Eyewitness to Fatal Accident Found
Coroner’s Wife Will Not Be Charged

Police announced today that no charges will be filed against Mrs. Blanche Woolsey, wife of Las Piernas Coroner Dr. Emmet Woolsey, in an accident that killed two last Sunday. A witness, whose identity was not revealed by police, saw the car of Mr. and Mrs. Henry Decker cross over a double yellow line and hit Mrs. Woolsey’s vehicle at a curve on Hampstead Road before going over a cliff.
While other witnesses had earlier identified Mrs. Woolsey’s car as the one seen weaving down the same road in a reckless fashion, this witness is apparently the only person to see the accident itself. Police refused to comment on why the witness might have delayed stepping forward until now.
Mrs. Woolsey remains hospitalized for injuries received in the accident.

 

So Woolsey’s wife was saved from charges in what looked to be a felony drunk-driving case. But who had provided the witness? Could Frank find the witness’s name in police records?
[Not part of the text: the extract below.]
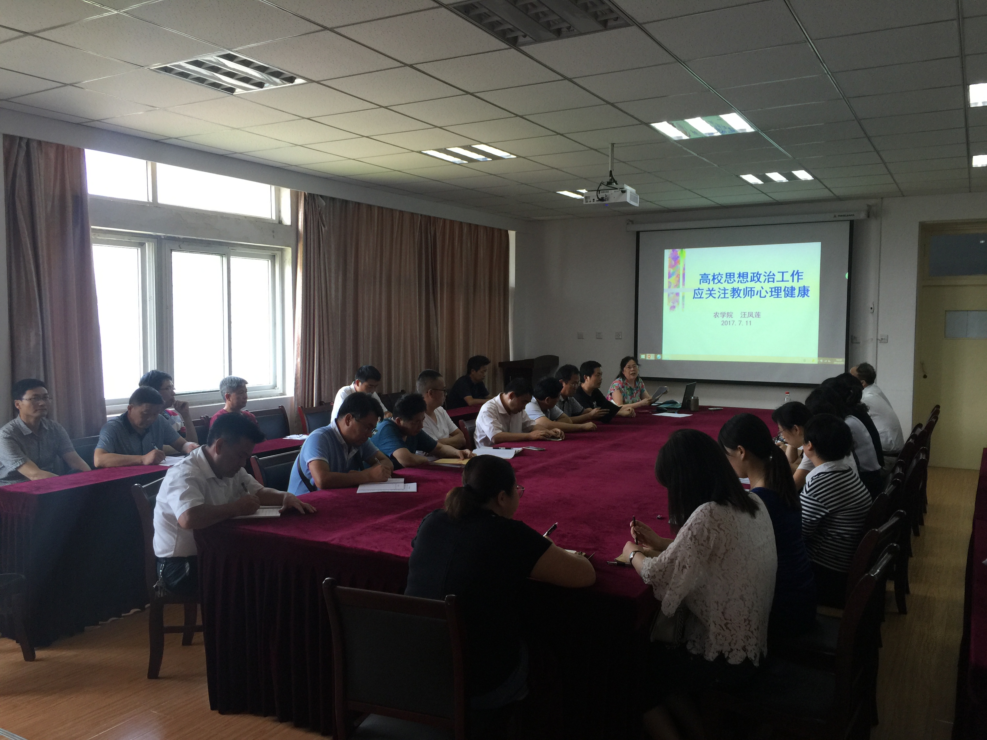 本网讯 为了贯彻落实全国全省思想政治工作会议精神,7月11日下午,院党委书记汪凤莲同志在十教518为全体党员、教职工讲授题为《高校思想政治工作应关注教师心理健康》党课。

I kept looking through the issues for that week to see if anything more had been written on the accident, when I came across the society pages for Sunday, June 26. Over two different pages, large photographs, and lavish detail were given to what must have been the major wedding of the last half century in Las Piernas: the marriage of Elinor Sheffield to a young man who had been recently appointed to the staff of the district attorney’s office — a young Harvard Law School graduate by the name of Andrew Hollingsworth — on the previous day.